Yes, the information _sneak thief_ finally speaks. Hello everyone, this is quite the router mainstay you have here. Lots of gooooood info to be had.

Question: I'm thinking of getting a shaper (is this blasphemous on a router forum?) and would like some info on the two stated models. Is there any hard evidence to choose one over the other (eg. tilt spindle, reverse motor)? I'm a simple hobbyist in need of a new toy. I've poured over the OWWM with few results.

Cheers, Brad


----------



## Dr.Zook (Sep 10, 2004)

Hello Brad, and welcome to the RouterForums. Glad to have you as a member.


----------



## dutchman 46 (May 23, 2007)

Hello Brad
Welcome to the Router Forum! My own thinking would be cost. The unit (shaper) is more expensive, if it is a true shaper. The cutters are usually more expensive. In the long tun, the router does many things just as good, or better. The router can be held and moved quite easily. with the table, it is still more mobile, considering on the model of table. The only thing a router doesn't do is run back wards, and that doesn't seem to be a big minus. For home use, the router is almost always better suited. Now if you have more money than you know what to spend it on, Then the shaper is a nice tool for the heavy work. I hope that this helps. Thanks for asking. the forum will give you assistance with questions if we can.


----------



## FWBGBS (Jul 9, 2009)

dutchman 46 said:


> Hello Brad
> Welcome to the Router Forum! My own thinking would be cost. The unit (shaper) is more expensive, if it is a true shaper. The cutters are usually more expensive. In the long tun, the router does many things just as good, or better. The router can be held and moved quite easily. with the table, it is still more mobile, considering on the model of table. The only thing a router doesn't do is run back wards, and that doesn't seem to be a big minus. For home use, the router is almost always better suited. Now if you have more money than you know what to spend it on, Then the shaper is a nice tool for the heavy work. I hope that this helps. Thanks for asking. the forum will give you assistance with questions if we can.


*Thanks for the gracious reply Dutchman. I truly appreciate the help.*

I've got two Bosch routers/trim that work perfectly for the work I do (1617EVSPK & PR20EVSK). I also have your typical "limited space" issues (10' x 12') and haven't built a router table YET. All my machinery is mobile based. Most everything sits on one side of my garage until I start a project. Then, out goes the car and I have 20' x 24' to work with. This really isn't a router-table or shaper question; eventually I'll have both. I'm thinking I might need the shaper come this Fall when I get started on my "honey-do" list (read: moulding for the living room). This project also compliments a great excuse to acquire another man-toy.
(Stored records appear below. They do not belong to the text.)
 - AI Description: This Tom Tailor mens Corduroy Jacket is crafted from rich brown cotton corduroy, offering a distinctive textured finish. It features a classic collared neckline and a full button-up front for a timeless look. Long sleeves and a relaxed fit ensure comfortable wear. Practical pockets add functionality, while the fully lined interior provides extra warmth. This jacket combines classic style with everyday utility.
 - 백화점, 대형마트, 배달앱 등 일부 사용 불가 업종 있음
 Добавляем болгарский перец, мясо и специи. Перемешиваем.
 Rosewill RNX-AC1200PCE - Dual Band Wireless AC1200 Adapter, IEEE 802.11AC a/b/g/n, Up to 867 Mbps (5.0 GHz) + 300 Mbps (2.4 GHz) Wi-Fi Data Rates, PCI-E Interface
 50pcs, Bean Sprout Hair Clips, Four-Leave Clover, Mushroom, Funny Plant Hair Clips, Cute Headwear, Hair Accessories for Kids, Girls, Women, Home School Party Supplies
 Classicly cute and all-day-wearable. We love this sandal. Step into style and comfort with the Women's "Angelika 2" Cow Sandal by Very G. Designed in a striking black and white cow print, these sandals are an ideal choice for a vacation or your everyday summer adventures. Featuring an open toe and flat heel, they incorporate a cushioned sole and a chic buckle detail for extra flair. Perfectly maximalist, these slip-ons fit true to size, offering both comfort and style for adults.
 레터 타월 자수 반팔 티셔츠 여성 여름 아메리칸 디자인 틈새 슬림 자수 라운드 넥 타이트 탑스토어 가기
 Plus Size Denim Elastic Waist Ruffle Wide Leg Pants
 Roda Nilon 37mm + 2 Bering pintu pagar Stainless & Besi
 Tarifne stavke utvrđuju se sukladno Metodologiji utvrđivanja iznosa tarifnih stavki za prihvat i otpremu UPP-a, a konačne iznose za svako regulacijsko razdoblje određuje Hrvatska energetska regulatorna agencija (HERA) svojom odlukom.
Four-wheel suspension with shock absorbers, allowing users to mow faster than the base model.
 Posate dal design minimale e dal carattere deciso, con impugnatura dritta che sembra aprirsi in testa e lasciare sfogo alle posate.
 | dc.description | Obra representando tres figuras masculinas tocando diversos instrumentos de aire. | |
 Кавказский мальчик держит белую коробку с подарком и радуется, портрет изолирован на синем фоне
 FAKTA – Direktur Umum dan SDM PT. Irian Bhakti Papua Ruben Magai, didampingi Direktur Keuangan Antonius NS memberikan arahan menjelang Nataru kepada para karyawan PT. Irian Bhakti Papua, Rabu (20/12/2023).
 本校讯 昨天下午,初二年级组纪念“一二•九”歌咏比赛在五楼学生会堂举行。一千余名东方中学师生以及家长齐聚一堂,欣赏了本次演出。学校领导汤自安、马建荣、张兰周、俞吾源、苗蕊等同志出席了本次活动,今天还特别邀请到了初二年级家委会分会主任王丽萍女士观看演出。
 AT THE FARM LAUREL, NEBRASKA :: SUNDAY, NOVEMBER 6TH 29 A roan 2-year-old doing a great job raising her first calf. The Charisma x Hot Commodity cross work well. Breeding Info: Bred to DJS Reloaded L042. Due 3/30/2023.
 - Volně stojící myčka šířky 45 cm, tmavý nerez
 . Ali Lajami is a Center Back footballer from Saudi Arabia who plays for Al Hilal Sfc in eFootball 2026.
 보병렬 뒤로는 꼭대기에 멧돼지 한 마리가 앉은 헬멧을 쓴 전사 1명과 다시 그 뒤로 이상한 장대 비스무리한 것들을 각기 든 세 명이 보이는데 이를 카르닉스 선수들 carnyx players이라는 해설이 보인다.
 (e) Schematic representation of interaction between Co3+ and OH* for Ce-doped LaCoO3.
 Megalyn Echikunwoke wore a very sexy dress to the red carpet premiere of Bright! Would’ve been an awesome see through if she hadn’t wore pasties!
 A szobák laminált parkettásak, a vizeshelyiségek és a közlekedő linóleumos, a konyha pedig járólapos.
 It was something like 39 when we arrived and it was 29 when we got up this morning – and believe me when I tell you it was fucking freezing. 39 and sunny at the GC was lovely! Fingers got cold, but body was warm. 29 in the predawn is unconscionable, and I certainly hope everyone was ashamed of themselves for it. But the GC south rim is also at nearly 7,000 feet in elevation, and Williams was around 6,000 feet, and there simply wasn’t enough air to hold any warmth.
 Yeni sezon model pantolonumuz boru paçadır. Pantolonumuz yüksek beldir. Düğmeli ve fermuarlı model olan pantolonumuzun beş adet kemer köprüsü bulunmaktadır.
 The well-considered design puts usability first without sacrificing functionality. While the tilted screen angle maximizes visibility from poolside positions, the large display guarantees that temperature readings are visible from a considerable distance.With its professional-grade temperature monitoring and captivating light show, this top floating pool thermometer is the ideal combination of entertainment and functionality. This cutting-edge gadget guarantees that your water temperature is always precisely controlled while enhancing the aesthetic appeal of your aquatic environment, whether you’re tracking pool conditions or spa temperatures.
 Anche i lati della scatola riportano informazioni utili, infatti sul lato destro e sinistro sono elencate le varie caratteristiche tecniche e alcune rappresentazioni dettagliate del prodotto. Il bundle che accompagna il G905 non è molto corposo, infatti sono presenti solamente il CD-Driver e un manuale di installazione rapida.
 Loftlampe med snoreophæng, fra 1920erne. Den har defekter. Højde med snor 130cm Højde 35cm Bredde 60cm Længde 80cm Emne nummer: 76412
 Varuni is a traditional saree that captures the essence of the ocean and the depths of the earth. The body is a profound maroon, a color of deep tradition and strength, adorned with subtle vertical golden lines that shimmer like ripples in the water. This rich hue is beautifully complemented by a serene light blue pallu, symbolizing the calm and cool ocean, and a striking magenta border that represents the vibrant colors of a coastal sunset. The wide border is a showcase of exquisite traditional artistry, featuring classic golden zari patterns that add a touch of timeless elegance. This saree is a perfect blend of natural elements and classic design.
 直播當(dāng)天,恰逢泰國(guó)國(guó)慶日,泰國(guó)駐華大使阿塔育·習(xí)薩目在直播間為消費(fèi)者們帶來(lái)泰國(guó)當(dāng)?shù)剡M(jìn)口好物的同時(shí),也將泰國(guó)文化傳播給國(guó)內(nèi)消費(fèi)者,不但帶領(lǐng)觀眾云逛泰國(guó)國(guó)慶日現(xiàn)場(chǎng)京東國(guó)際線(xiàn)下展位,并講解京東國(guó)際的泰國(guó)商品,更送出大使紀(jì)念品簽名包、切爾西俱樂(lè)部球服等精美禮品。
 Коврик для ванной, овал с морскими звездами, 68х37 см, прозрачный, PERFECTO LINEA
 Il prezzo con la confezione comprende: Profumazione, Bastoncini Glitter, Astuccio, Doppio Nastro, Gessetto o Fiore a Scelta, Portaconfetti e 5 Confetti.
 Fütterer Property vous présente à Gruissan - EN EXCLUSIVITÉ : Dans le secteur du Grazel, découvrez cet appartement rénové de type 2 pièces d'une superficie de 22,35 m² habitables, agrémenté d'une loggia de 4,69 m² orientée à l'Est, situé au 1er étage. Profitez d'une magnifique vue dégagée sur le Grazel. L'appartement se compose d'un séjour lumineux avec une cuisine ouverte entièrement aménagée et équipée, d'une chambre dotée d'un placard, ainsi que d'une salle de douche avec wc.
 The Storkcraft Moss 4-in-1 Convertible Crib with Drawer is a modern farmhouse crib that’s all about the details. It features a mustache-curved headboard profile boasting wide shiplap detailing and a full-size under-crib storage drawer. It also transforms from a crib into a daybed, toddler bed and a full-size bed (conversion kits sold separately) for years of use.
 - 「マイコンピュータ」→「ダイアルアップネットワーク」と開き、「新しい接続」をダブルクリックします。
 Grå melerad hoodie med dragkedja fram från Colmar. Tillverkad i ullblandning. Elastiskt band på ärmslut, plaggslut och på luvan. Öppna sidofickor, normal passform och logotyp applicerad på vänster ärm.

I'm very aware of the controversy regarding 1/2" router bits run in one's shaper, but my father does this flawlessly via slowing his feed speed. Good point, the cutters are more expensive but after the moulding I'm hoping to run more router bits and fewer cutters

*Both used models can be had for around $150 in very clean well kept condition. The Rockwell manual has both models listed but does not distinguish the two. I figure the 43-122 would be higher end simply by looking at the model number graduation.*

Cheers, Brad


----------



## Ghidrah (Oct 21, 2008)

As the dutchman said, the router does pretty much everything the shaper does and cheaper, except large production projects. 
Like wood panel entry doors windows and many of the larger moldings and does it in one sometimes 2 passes depending on the species.

If you intend on pursuing this type of production operation I'd say go for the one that offers the most versatility and power.


----------